• **WORK INSTRUCTION**: Copy out all lines of the material below in which "câmera" occurs.

• **DATA SECTION**:
::::
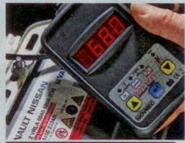
Preiswerte Batterie-Tester gibt es von CTEK oder Novitec zu kaufen
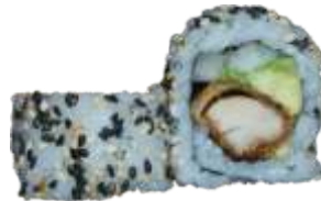
38. Crispy Kylling 78 kr. Crispy kylling, avocado, agurk og chilimayo. Toppet med sesam
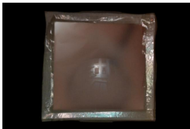
Figura 4. Registro de imagem da escola invertida no visor da câmera escura.

Finalizada a câmera, os alunos experimentaram visualizar pontos da sala de aula, principalmente locais de contraste de luz e sombra (figura 4). Alguns foram ao espaço externo da sala fazer observações.
::::
• **COMPLETED TASK**:
Figura 4. Registro de imagem da escola invertida no visor da câmera escura.
Finalizada a câmera, os alunos experimentaram visualizar pontos da sala de aula, principalmente locais de contraste de luz e sombra (figura 4). Alguns foram ao espaço externo da sala fazer observações.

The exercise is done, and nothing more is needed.